{Guest post today written by my Mom!}

I have to tell you that Lauren doesn’t really like  her birthday.  She loves to plan and bake and shop for other people’s birthdays, but being the center of attention makes her a bit uncomfortable.  I think we all feel like that at times.


I could blame myself.  Moms do that.  See that first picture of the birthday girl, age one, climbing onto her new horsie, and looking pretty morose about it all?   I felt so bad for her.  I think she didn’t feel good.  Maybe it was an ear infection, or new teeth coming in. Worse, she also sported a black eye from bumping her cheekbone on a counter two days before.
          


But by birthday number 2, Lauren was a happy girl, tearing into packages and hugging her new doll.
          


Happy again on birthday number 3, Lauren tore into more packages.  Yet there it is again, Lauren, back against the wall, crying with joy, scarcely believing we got her that tricycle. She was overcome with joy. Really?
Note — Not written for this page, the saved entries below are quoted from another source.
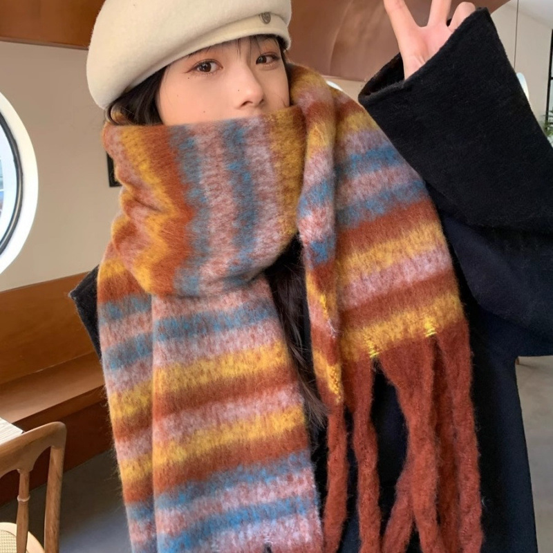 2024新型カップルマフラー女性秋冬レトロ厚手の英倫風ストール高級感雰囲気保温マフラー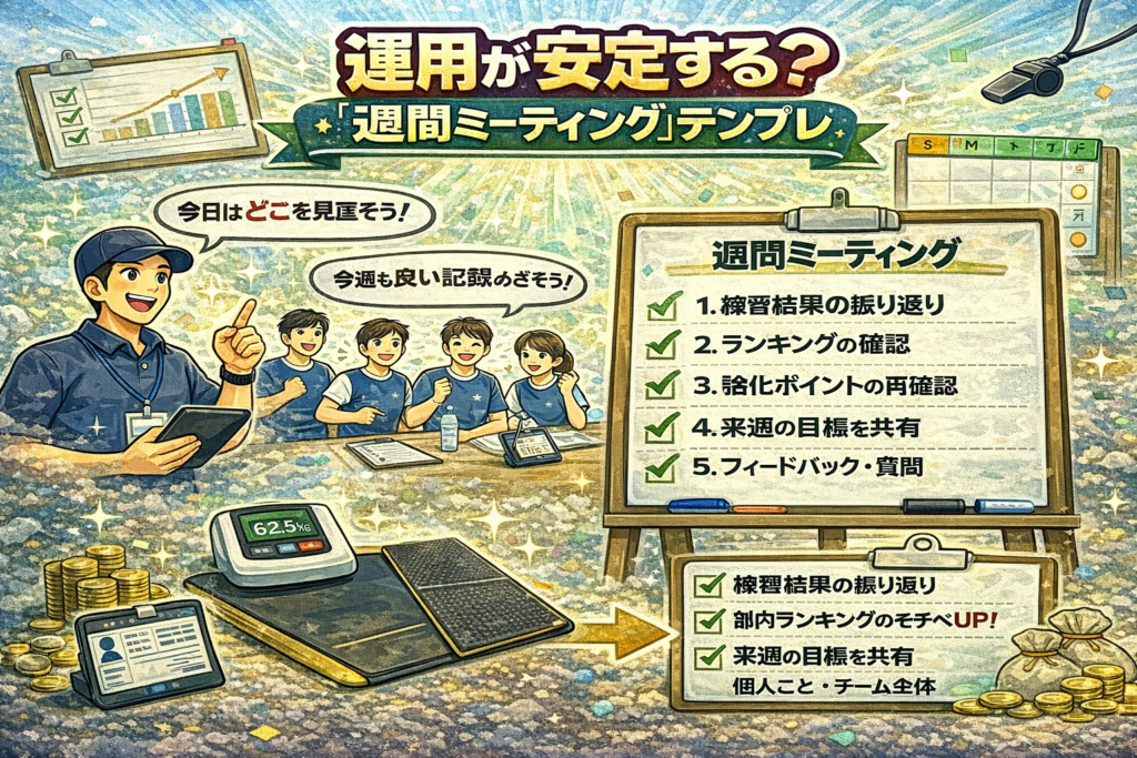 この記事では、 VBT運用が安定しやすくなる「週間ミーティング」テンプレ を、 現場でそのまま使いやすい形で整理します。 何を確認し、 何を決め、 どう次週につなげればよいかを、 シンプルに実務目線でまとめます。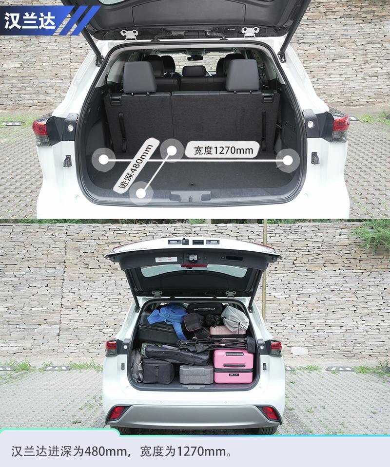 作為尺寸最小的一位,豐田漢蘭達把第三排座椅立起來后,進深與探陸表現(xiàn)相近。同時地臺較低,搬取大件物品能夠較為省力,后備廂空間寬度也能看齊探陸,放包沒有什么問題,但放多個登機箱就有些吃緊。此次裝入我們攜帶的所有行李壓力還是挺大的,由于車身造型,較為傾斜的C柱一定程度影響了豎向空間,所以需把第三排的座椅靠背調(diào)得更加陡直,犧牲三排的乘坐感受。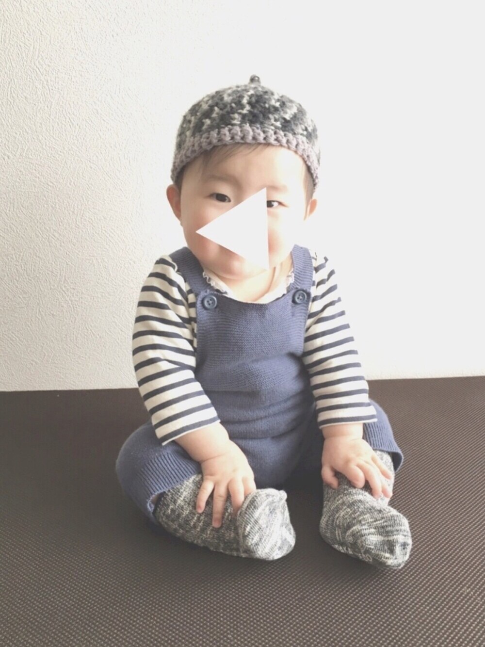 撤退直前にオールドネイビーで買ったお気に入りのニットサロペット◡̎⃝ でもサイズが3-6Mだからピチピチ…;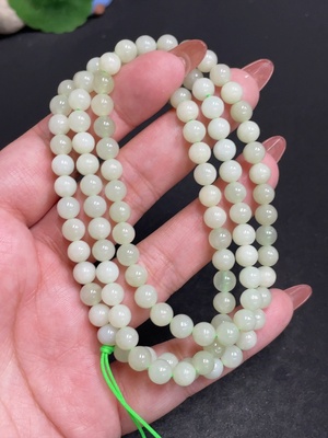 H39566202 Hetian Jade Bead Necklace, Approx. 5.7mm, Total Weight Approx. 33.1g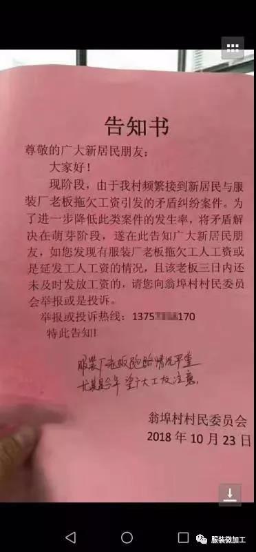 突发的跑路让工友防不胜防,服装微加工用户晒出附近村委会的告知书。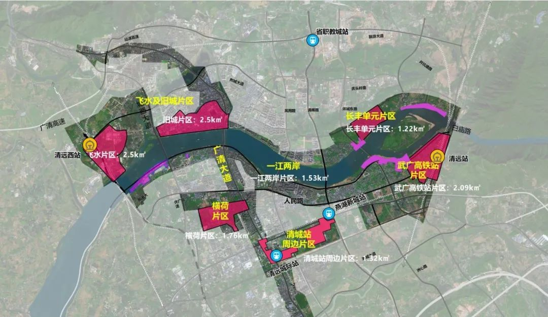 飞水及旧城片区、武广高铁清远站周边及长丰单元周边片区、城际轨道清城站周边片区、横荷片区;一江两岸及广清大道廊道。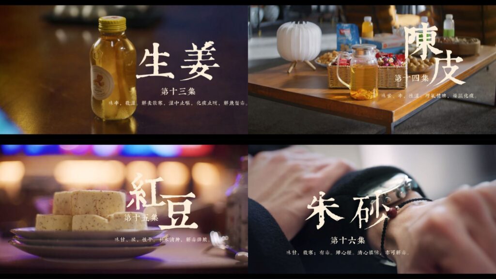 | 14 | 《陳皮》 | 味苦、辛,性溫。 理氣健脾,燥濕化痰。 | 第13集,外公泡陳皮水給正煩惱於研究計畫和感情的蘇葉。 |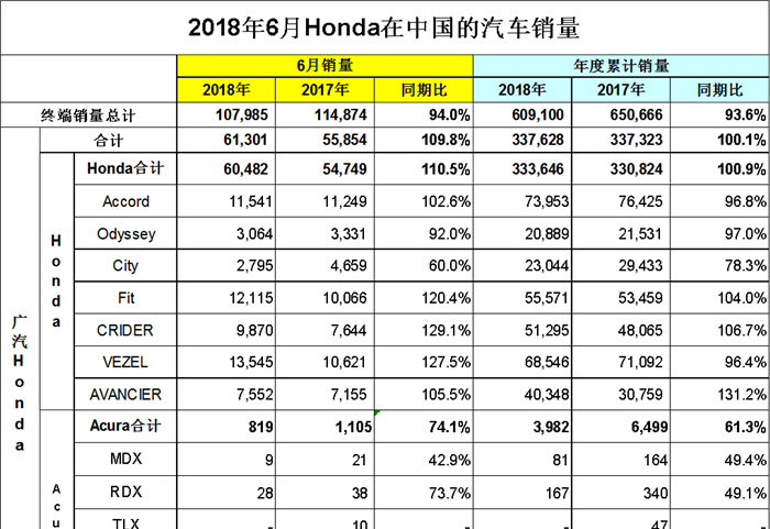 2018年7月3日,Honda发布2018年6月在中国的终端汽车销量。1-6月广汽本田汽车有限公司和东风本田汽车有限公司的终端销量总计609,100辆,同期比为93.6%。其中,广汽本田汽车有限公司2018年1-6月终端累计销量为337,628辆,同期比为100.1%;东风本田汽车有限公司2018年1-6月终端 [详细]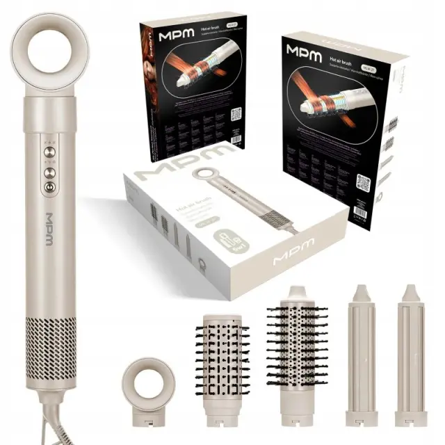 - MPM MLW-27 5-v-1 sušilnik in oblikovalnik las, ki omogoča hitro, enostavno in profesionalno oblikovanje pričeske kar doma.
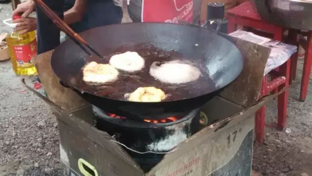 这天江东集市赶集的一些在下村长大的小伙伴们一定会买油饼给带回去,越多越好,我之前是表示不解和纳闷,油饼哪里没有啊,干嘛还非要在这买还要带回去。吃完我是明白为什么啦,不是排队早或在摊主那开点后门还真没有货卖给你。

For me?

Maybe that discomfort comes from way back, so let’s get into the WAYBACK MACHINE, and visit Lauren on that First Day.
          


In 1983 we didn’t find out the sex of the baby prior to that first yelp and deep breath of air.  John had already been born, and I was pretty sure he was the perfect boy, so I secretly really wanted a girl.  Yet when the obstetrician announced, “It’s a girl, Geri!” I crabbily countered: “No it’s not!”  I was sure he was kidding.

But Dr. Webster wasn’t kidding.  There she was, prettier than I ever thought a newborn should be.  To me, most newborns look like wet chickens. But Lauren had lots of dark hair and long eyelashes and long, graceful fingers. The nurses were cooing and oooing.  And her eyes were bigger than dollar pancakes at Denny’s.
          


So I have to say, girl-schmirl.   My little hopeful expectation that the baby would be a girl got blown away. I got a Lauren.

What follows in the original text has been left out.